And the holidays begin....
by, 11-20-2007 at 11:28 AM
I love the holidays. Starting with Halloween everything different decorations go up for Halloween, Thanksgiving and Christmas. I love each holiday for it's own thing,
Halloween is pure fun. No stress, no worries, just silly decorations and candy.
Thanksgiving is the harkening of fall. A wonderful meal, a time to remember and the last deep breathe before,
Christmas. What can I say? I love the decorations, I love to shop and try and find the perfect gift and I love that my kid is home for a good long time and we can hang out and do family activities.
Thanksgiving starts the stress. I'm hoping to do better with it this year. I tend to get overzealous at what needs to get done and unrealistic about what can get done.
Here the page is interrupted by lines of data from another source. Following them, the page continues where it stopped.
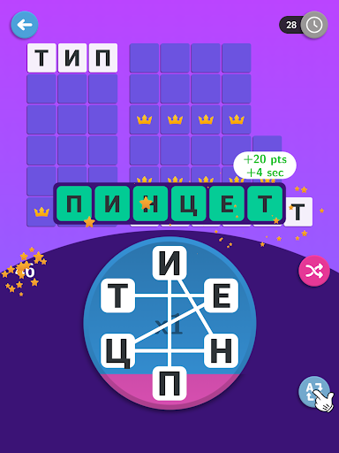 • Более длинные слова дают больше очков и увеличивают ваше оставшееся время.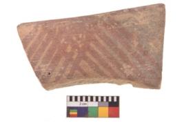 | Description / विवरण | A specimen of a potsherd. It is reddish in colour with black decorative geometric painting on it. |
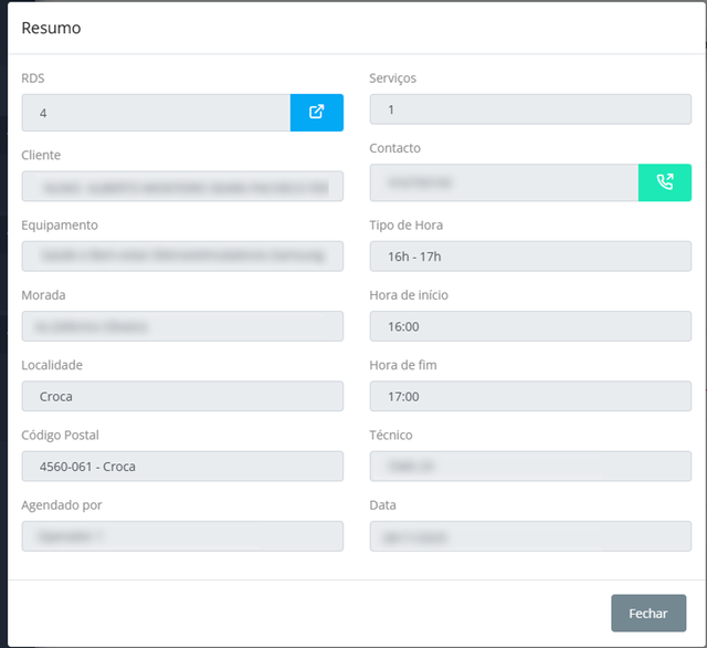 Ao passar o ponteiro do rato sobre o cartão do serviço, surge um pop-up com informação adicional. Ao efetuar duplo clique no serviço, é aberta uma janela com informação completa do serviço, incluindo a opção de aceder ao RDS correspondente.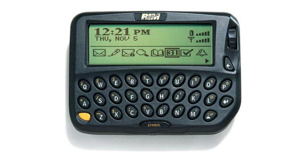 През 1999 г. RIM представят пейджъра BlackBerry 850. Името идва от приликата на клавишите на клавиатурата със зрънцата от плодовете на къпината. Устройството може да получава push имейли от Microsoft Exchange Server, чрез сървърния софтуер BlackBerry Enterprise Server (BES).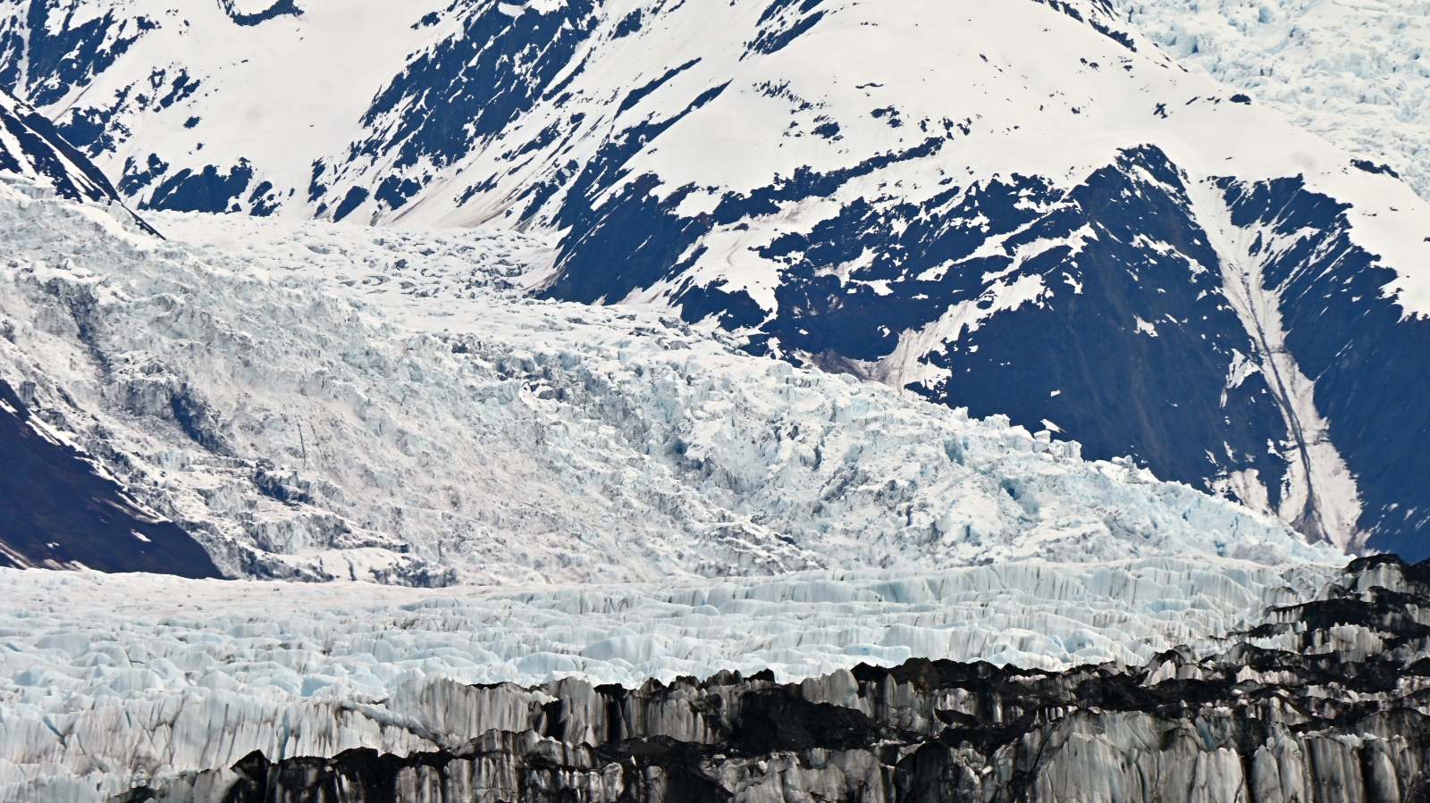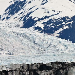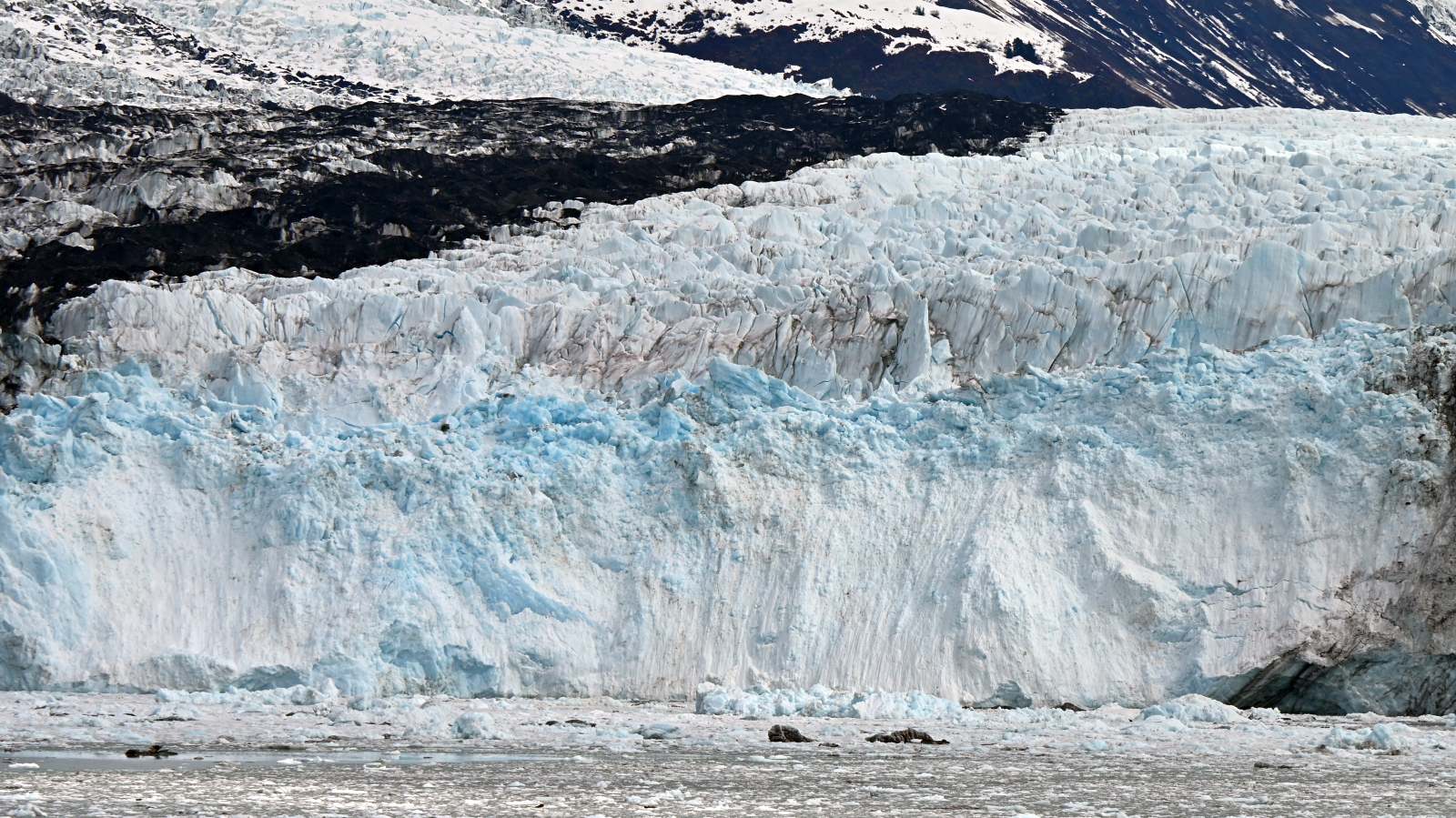 Heute wird es magisch. Wir sind im Harvard-Arm des Collegefjords und die Roald Amundsen geht vor einem riesigen Gletscher vor Anker. Manchmal grollt und knallt es laut in dem Eisfeld und gelegentlich stürzen kleinere Eismassen in die Tiefe: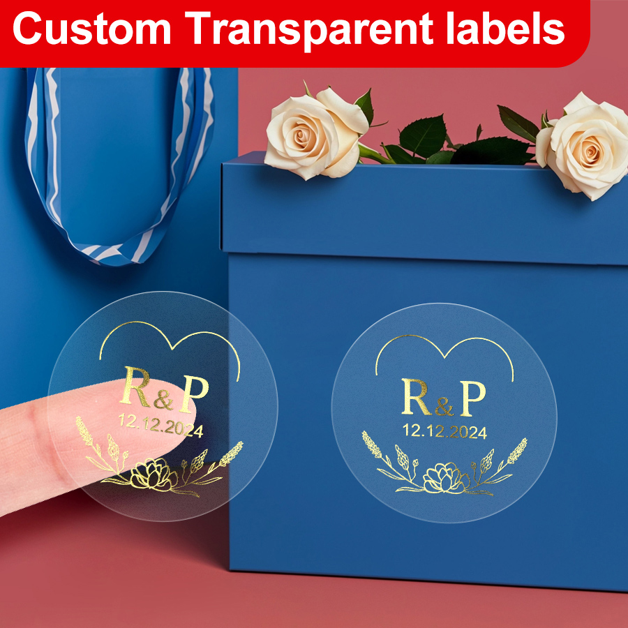 Gold Custom Transparent Wedding Seals, Waterproof Stickers For Gifts, Invitations, Modern Party Decor style C 24pcs 4cm 15.7in

This year is exceptionally tough, in among everything I need to continue to take care of myself and I'm not doing all that great with that. Everyday I'm not improving my health is another day lost. Work is continuing to be stressful. And then the major fallout with my mom.
While I feel relieved that I don't feel I need to keep up the pretense anymore. I still feel a sadness creeping up about the family I've never had/never will have. I've noticed it this week as Thanksgiving draws nearer, the headaches/neckaches are back and with them my favorite friends doubt/insecurity.
That's what the whole deal is for me. It's a reminder that I'm never have been or never will be good enough or loved the way I should be. And it spills over, I can't always believe anyone will care or that I'll make any kind of difference. It just perpetuates a viscious cycle of beating myself down.
I hope I can make this year different. I know I'm going to give it my best shot!